Так тихо в комнате, как будто далеко
расставленные Господом ладони
смыкаются невидимо в хлопок —
и опадает темный лепесток
на освещенный солнцем подоконник.
ㅤ
3.
Ко всему привыкаешь,
потом примыкаешь как будто,
притыкаешь минуту к минуте и вату к щели,
затыкаешь источник на ржавой от солнца груди,
и, теряя рассудок и совесть,
сосуд разбиваешь.
ㅤ
4.
Если бы у камня камень
попросил руки… —
спрашивал у мха лишайник.
ㅤ
5.
Как тень дрожит истопника, переломившись через щели, нас повело, нам повелели, всем настелили ивняка.
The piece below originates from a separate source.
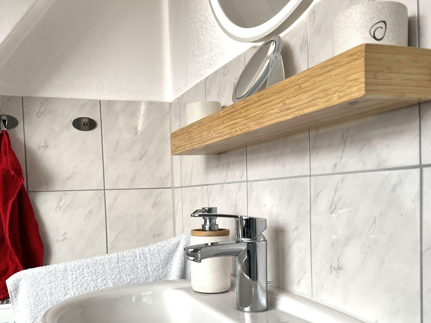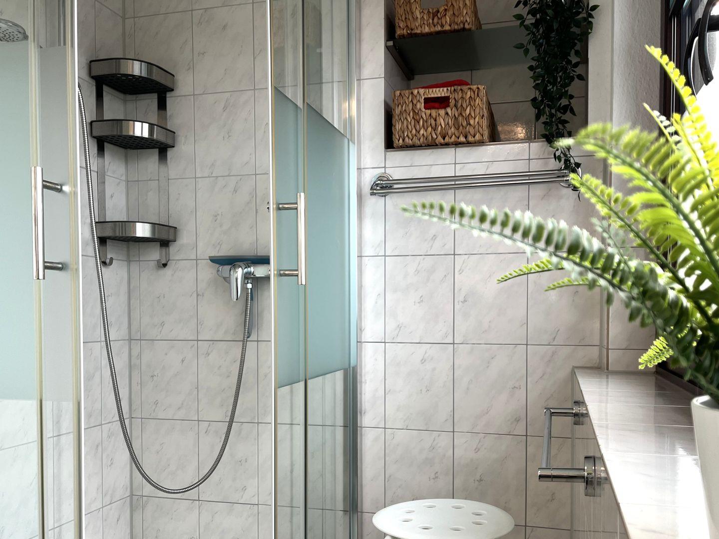 Das Badezimmer ist mit einer Dusche ausgestattet, die auch eine Badewanne beinhaltet, und es gibt einen Haartrockner sowie einen Spiegel für Ihre Bequemlichkeit. Für zusätzliche Sicherheit der Gäste sind Rauchmelder und Feuerlöscher vorhanden.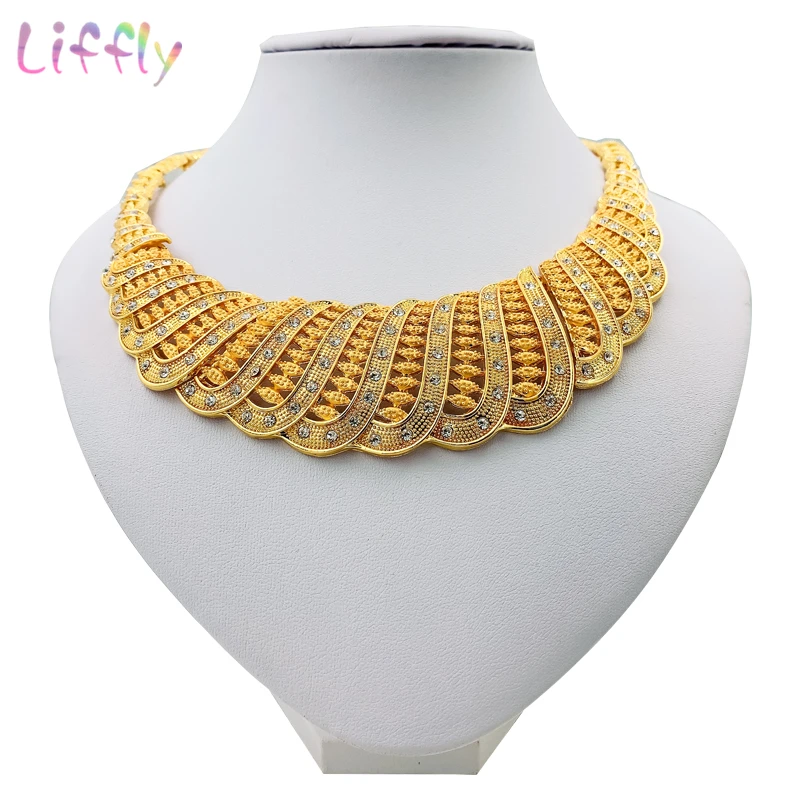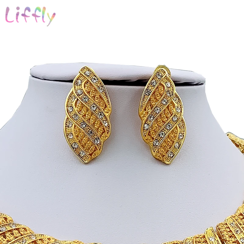 New Liffly Fashion Bridal African Jewelry Set Beautiful Wave Necklace Earrings Ring Bracelet Female Nig

Вот неуемное дитя, что всё играюче умело, — и потому ли, что без цели, — так к цели шло наверняка, и отродясь уразумело, как перейти с «агу» к «ага», и с «или-или» к «еле-еле». И если так, то в самом деле: привет-привет, пока-пока.
ㅤ
6.
Кусающий клубники языки
Иезекииль-Исайя-Еремия —
так трем дроздам-рябинникам дал имя
кто зажигает ягод огоньки.
ㅤ
7.
В огромной школе потерялся ученик,
никто и не приметил, как исчез он
и как три дня поверх опять возник —
указа не было являться в день воскресный,
так тайное вернулось неизвестным,
как в шестипалый прятанный дневник
замолвлено: приди, двойник
небесный.
ㅤ
8.
Спрашивали будто родные
или почти соседи:
«видимо ли это кому-нибудь
или совсем обидели?»
Сверяли показания счетчика,
дознавались, болит ли щека,
просили унять щенка
(для переводчика:
что-то вроде дождем размытого почерка
записки в щели ларька).
ㅤ
9.
Так не хватает тонкости людской,
что заменяешь скупостью звериной,
укутывая плечи пелериной,
окрашиваешь волосы в морской
и прячешь за взъерошенной тоской
улыбку, словно ножик перочинный.
ㅤ
10.
Люблю срифмованные вещи
и серафимову хвалу:
позолочённых рук листву,
посеребрённый купол речи,
забронзовевших дней канву,
стекло, что делает чуть резче
звенящей ночи тетиву
и шов, пришедшийся ко шву.
ㅤ
11.
Меня не стало в этом самом дне
и дня не стало, всё вернулось к прежним
вещам, которым в детской глубине
запомниться успелось. Голос нежный
баюкает широкую кровать,
в которой я лежал, теперь как будто
я не лежу, и, наклонившись, мать
меня не различает. Поминутно
я исчезаю в памяти своей,
как бы разглаженные складки на одежде,
и ветер веет словно соловей
о чёрно нарядившейся Надежде.
Мне в языке спокойно и легко,
как мальчику уснувшему в сугробе,
что видел золотую антилопу
и сохранил на память черепок.
ㅤ
12.
Всё погрузилось в мысленный раствор.
Разгладив складки скатерти бумажной,
воображаешь дымный разговор
и прочее — неважное о важном —
ни для кого, конечно, ни в укор,
а так — чтобы глазам иссиня-влажным
чуть дальше направлять промытый взор.
ㅤ
13.
Далекое приблизилось к тебе,
а близкое как будто заменило
шаг по воде, два шага по воде,
корону из египетского ила
и семена в размокшей борозде,
как говорят секретчики — «могилу»,
а прочие — загадочно молчат.
Я спрашивал у маленьких волчат,
и те мне отвечали через силу:
«…»
(волчата отвечают через силу,
на прутья натыкаются, ворчат
и засыпают [как-нибудь] в обнимку,
пока над ними голоса журчат
и заслоняют [мнимые] светила).
Всё приближается — и нету ничего —
такое многое невидимо исчезло,
как если к перепелу мама перелезла и запахнула [дымное] пальто.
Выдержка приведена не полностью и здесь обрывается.